As a user of OneClaw, I want the app to automatically manage conversation context length so that long conversations never fail due to exceeding the model’s context window, so that I can have extended conversations without worrying about technical limits or losing important context.

Typical Scenarios

  1. User has a long conversation (50+ messages) with an AI model. The accumulated token count approaches the model’s context window limit. The app automatically compresses older messages into a summary before the next request, and the conversation continues seamlessly.
  2. User asks the AI to fetch a large web page using the HTTP request tool. The tool result (hundreds of KB) is automatically truncated to a reasonable size before being stored and sent to the model.
  3. User switches from a model with a 200K context window to a model with an 8K context window mid-session. The app detects the next message would exceed the new model’s limit and triggers a compact before sending.

Feature Description

Overview

Auto Compact is a context window management system that prevents conversations from exceeding a model’s context window limit. When the accumulated input tokens approach a configurable threshold (default: 85% of the model’s context window), the app automatically summarizes older messages using the current model and replaces them with a compact summary for future API requests. The original messages are preserved in the database untouched.
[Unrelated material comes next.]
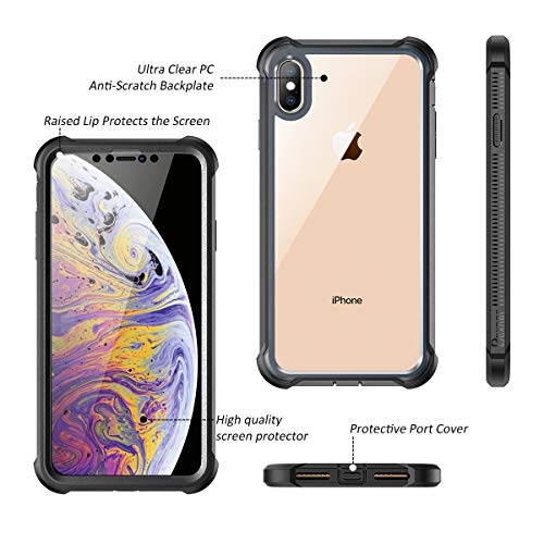 Dexnor Cover per Iphone XS MAX (6.5'') Cassa, Custodia di Protezione a 360 Gradi, [Antiurto] [Leggero] Pannello Posteriore Trasparente, con Protezione per lo Schermo - Nero

Additionally, tool call results that are excessively large (e.g., fetching a web page) are truncated at the point of storage, preventing database bloat and ensuring tool results don’t consume disproportionate context space.

Detailed Description

Auto Compact

Trigger: After each API response completes (including all tool call rounds), the system checks whether the total token count of the conversation history exceeds 85% of the current model’s context window size.

Process:

  1. Calculate total tokens for all messages in the session
  2. If total exceeds the threshold, determine which messages to compact:
    • Starting from the most recent message, walk backwards accumulating token counts
    • Messages whose cumulative tokens fit within 25% of the context window are “protected” (kept as-is)
    • All older messages are candidates for compaction
  3. Send a summarization request to the current model with the candidate messages (plus any existing prior summary)
  4. Store the resulting summary in the Session’s compactedSummary field
  5. Record which messages have been compacted (by storing the timestamp or message ID of the compaction boundary)
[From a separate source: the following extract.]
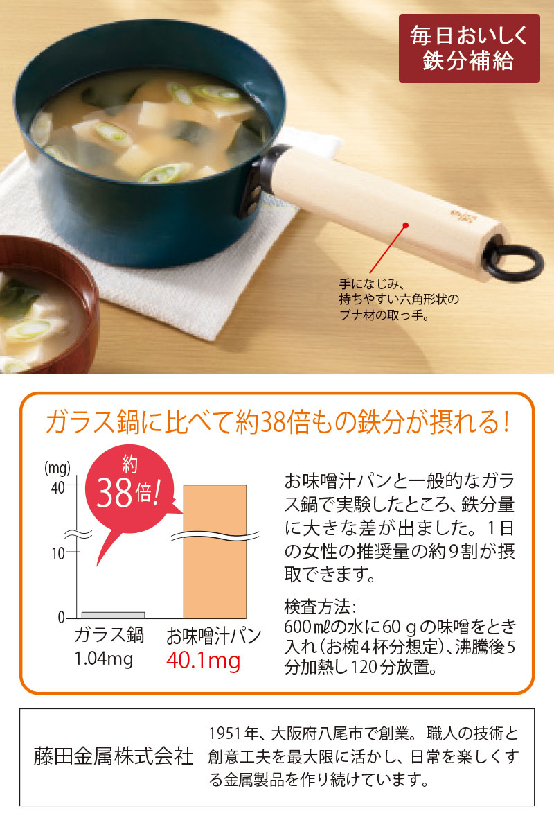 食生活で不足しがちな鉄分を無理なく継続して摂るために、毎日食べる味噌汁に着目して作られた鉄鍋です。味噌汁作りにちょうどいいサイズやお手入れしやすさにもこだわりました。

Subsequent requests: When building the messages array for API calls, the system prepends the compactedSummary as a system-level context message, followed by only the non-compacted (recent) messages.
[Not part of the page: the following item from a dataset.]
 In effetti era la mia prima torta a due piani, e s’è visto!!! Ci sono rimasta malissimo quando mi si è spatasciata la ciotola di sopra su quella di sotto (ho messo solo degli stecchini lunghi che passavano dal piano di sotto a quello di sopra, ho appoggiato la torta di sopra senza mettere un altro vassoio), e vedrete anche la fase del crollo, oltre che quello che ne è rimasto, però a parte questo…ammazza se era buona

Multiple compactions: If a session undergoes multiple compact cycles, each new compact incorporates the previous compactedSummary plus newly compacted messages into a single merged summary. The Session always holds exactly one cumulative summary.

Tool Result Truncation

Trigger: Immediately before storing a tool result message in the database.

Process:

  1. Check the character length of the tool result content
  2. If it exceeds the truncation limit (default: 30,000 characters), truncate from the tail
  3. Append a truncation marker: \n\n[... content truncated, showing first {kept} characters of {total} total ...]
  4. Store the truncated version in the database

The truncation happens once at storage time. All downstream consumers (API requests, UI display) work with the already-truncated version.

User Interaction Flow

Auto Compact (mostly invisible)

1. User sends a message and receives a response
2. System checks token count against threshold
3. If threshold exceeded:
   a. System sends a background summarization request
   b. A brief indicator appears (e.g., "Optimizing conversation context...")
   c. Summary is stored on the Session
   d. Indicator disappears
4. User continues chatting normally
5. If compact fails after retry, system falls back to truncation
   and shows a Snackbar: "Conversation history has been automatically trimmed"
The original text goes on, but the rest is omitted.